Use side inputs for data enrichment and lookups:

@single_task
async def enrich_with_user_data(
    transaction: dict, 
    user_lookup: dict, 
    currency_rates: dict
) -> dict:
    """Enrich transaction with user data and currency conversion"""
    
    user_id = transaction["user_id"]
    currency = transaction["currency"]
    amount = transaction["amount"]
    
    # Lookup user information
    user_info = user_lookup.get(user_id, {"name": "Unknown", "tier": "basic"})
    
    # Convert currency to USD
    rate = currency_rates.get(currency, 1.0)
    usd_amount = amount * rate
    
    return {
        **transaction,
        "user_name": user_info["name"],
        "user_tier": user_info["tier"],
        "amount_usd": usd_amount,
        "conversion_rate": rate
    }

async def process_transactions_with_lookups():
    # Load lookup data
    user_lookup = await load_user_lookup_table()
    currency_rates = await fetch_current_exchange_rates()
    
    # Configure task with lookup data
    enrichment_task = enrich_with_user_data.with_inputs(
        user_lookup=user_lookup,
        currency_rates=currency_rates
    )
    
    # Process transactions
    pipeline = fetch_transactions | enrichment_task | save_enriched_transactions
    
    async for result in pipeline(transaction_ids):
        print(f"Processed transaction: {result}")

Streaming Side Inputs

Use other streams as side inputs:

@single_task
async def join_with_stream(
    primary_item: dict, 
    secondary_stream: AsyncIterator[dict]
) -> dict:
    """Join primary item with data from secondary stream"""
    
    # Get next item from secondary stream
    try:
        secondary_item = await anext(secondary_stream)
        return {
            **primary_item,
            "joined_data": secondary_item,
            "join_timestamp": time.time()
        }
    except StopAsyncIteration:
        # No more items in secondary stream
        return {
            **primary_item,
            "joined_data": None,
            "join_error": "secondary_stream_exhausted"
        }

async def streaming_join_example():
    # Create secondary data stream
    async def secondary_data_generator():
        for i in range(100):
            yield {"secondary_id": i, "data": f"secondary_{i}"}
            await asyncio.sleep(0.1)
    
    secondary_stream = secondary_data_generator()
    
    # Configure join task
    join_task = join_with_stream.with_inputs(secondary_stream=secondary_stream)
    
    # Main pipeline
    pipeline = generate_primary_data | join_task | process_joined_data
    
    async for result in pipeline(range(50)):
        print(f"Joined result: {result}")

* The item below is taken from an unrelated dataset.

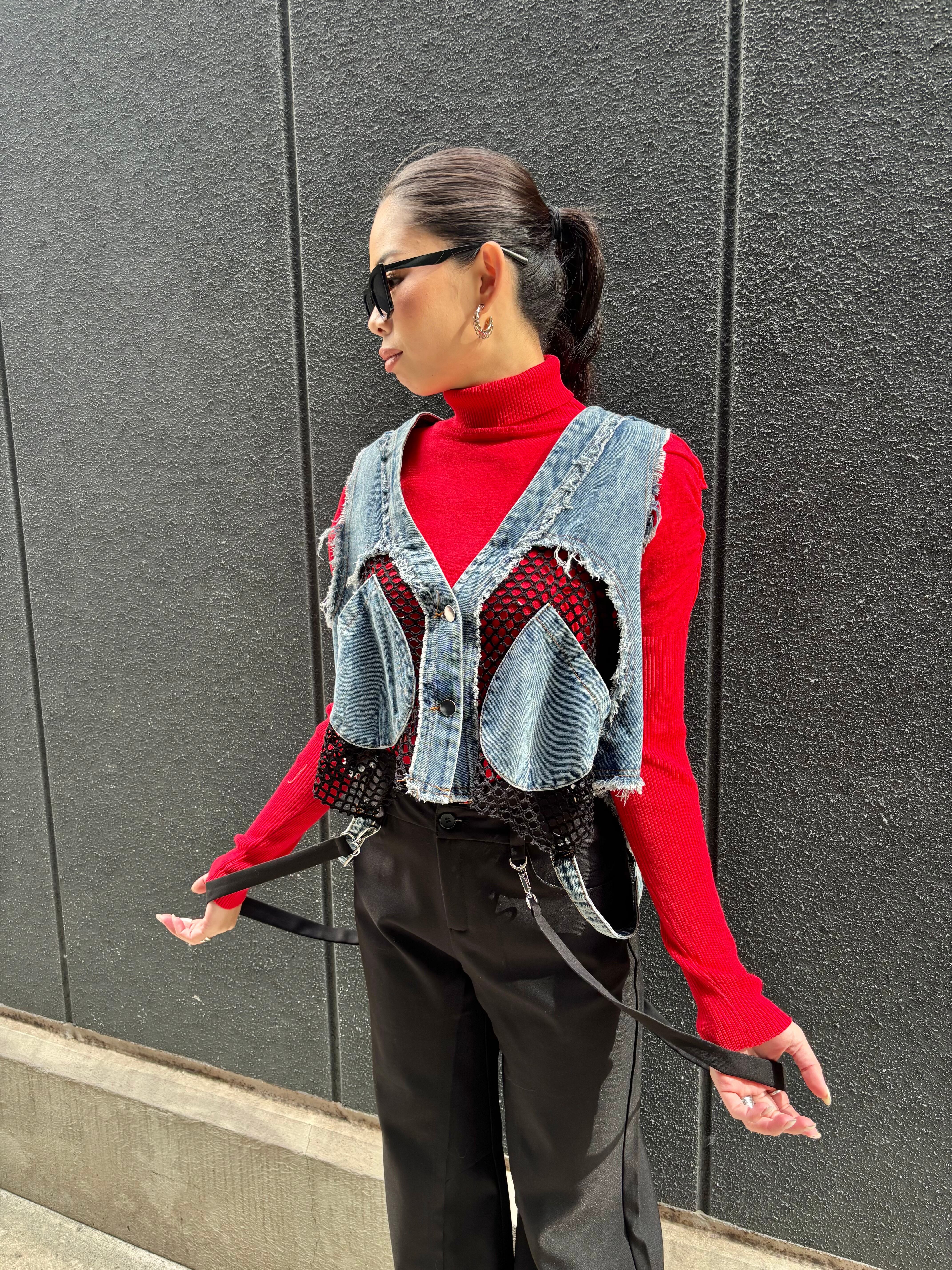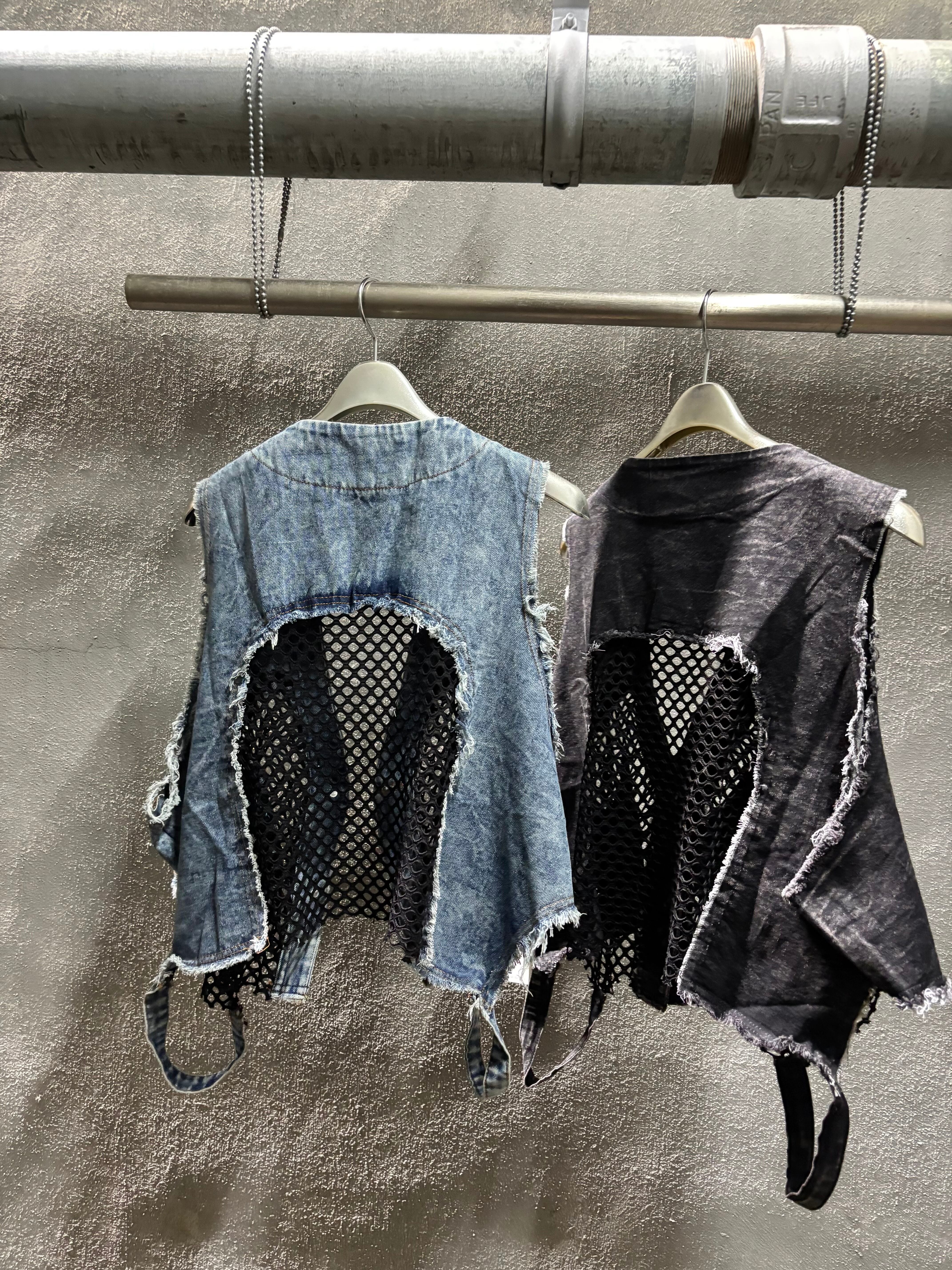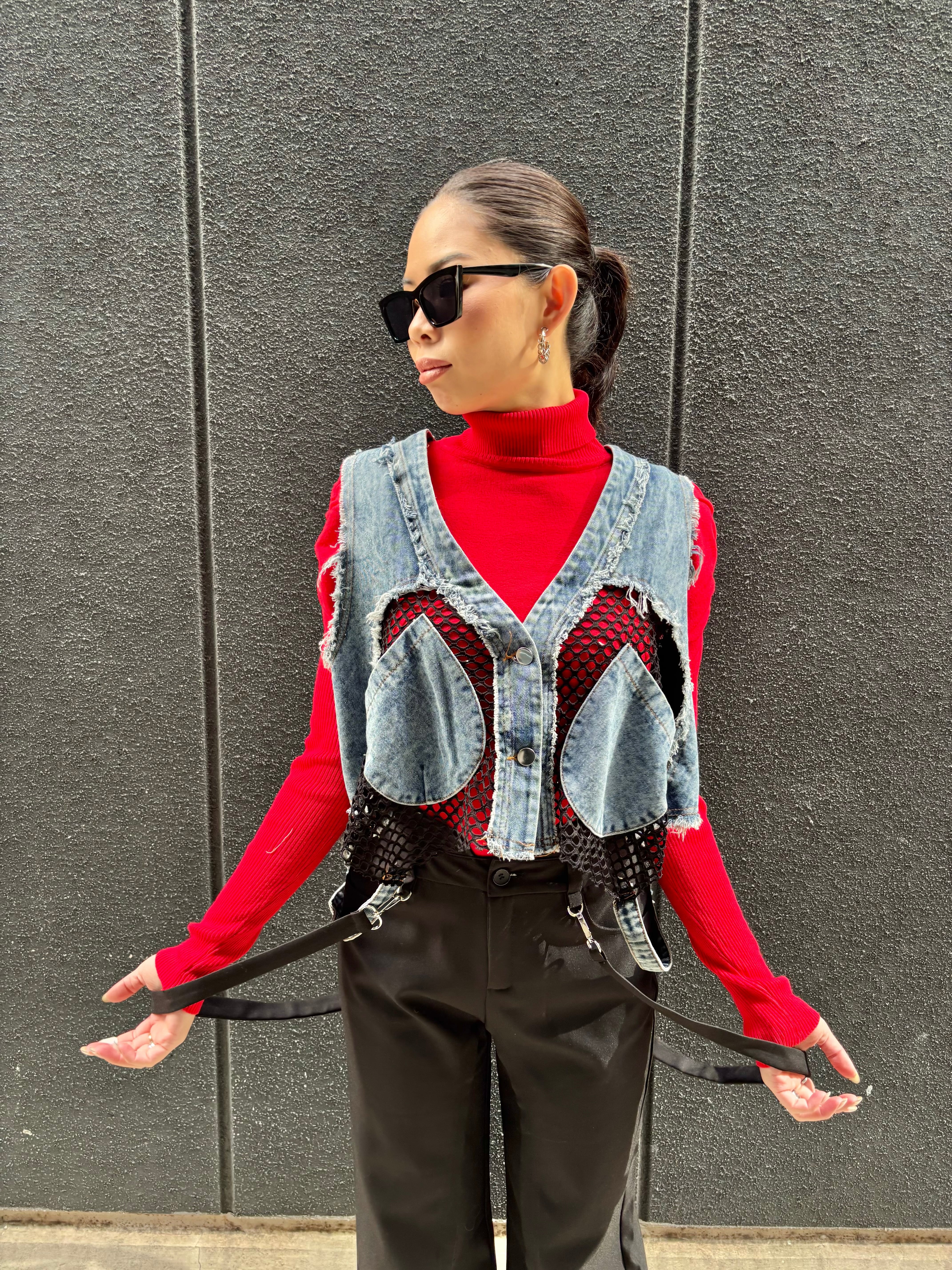 black mesh × denim mix design vest ベスト ジレ デニム メッシュ 切替デザイン 重ね着

Advanced Side Input Patterns

Shared State

Use side inputs to maintain shared state across tasks:

class SharedCounter:
    def __init__(self):
        self.count = 0
        self.lock = asyncio.Lock()
    
    async def increment(self) -> int:
        async with self.lock:
            self.count += 1
            return self.count
    
    async def get_count(self) -> int:
        return self.count

@single_task
async def process_with_counter(item: dict, counter: SharedCounter) -> dict:
    """Process item and track processing count"""
    
    # Increment shared counter
    current_count = await counter.increment()
    
    # Process item
    result = await process_item(item)
    
    return {
        **result,
        "processing_order": current_count,
        "total_processed": await counter.get_count()
    }

async def shared_state_example():
    # Create shared counter
    counter = SharedCounter()
    
    # Configure tasks with shared state
    counting_task = process_with_counter.with_inputs(counter=counter)
    
    pipeline = fetch_data | counting_task | save_data
    
    results = await pipeline(data_items).collect()
    
    final_count = await counter.get_count()
    print(f"Processed {final_count} items total")

Database Connections

Share database connections across tasks:

@single_task
async def save_to_database(item: dict, db_pool: asyncpg.Pool) -> dict:
    """Save item to database using shared connection pool"""
    
    async with db_pool.acquire() as connection:
        await connection.execute(
            "INSERT INTO items (id, data, created_at) VALUES ($1, $2, $3)",
            item["id"], json.dumps(item["data"]), datetime.utcnow()
        )
    
    return {"saved": True, **item}

@batch_task(max_size=100)
async def batch_save_to_database(items: list[dict], db_pool: asyncpg.Pool) -> list[dict]:
    """Batch save items to database"""
    
    async with db_pool.acquire() as connection:
        # Prepare batch insert
        values = [
            (item["id"], json.dumps(item["data"]), datetime.utcnow())
            for item in items
        ]
        
        await connection.executemany(
            "INSERT INTO items (id, data, created_at) VALUES ($1, $2, $3)",
            values
        )
    
    return [{"saved": True, **item} for item in items]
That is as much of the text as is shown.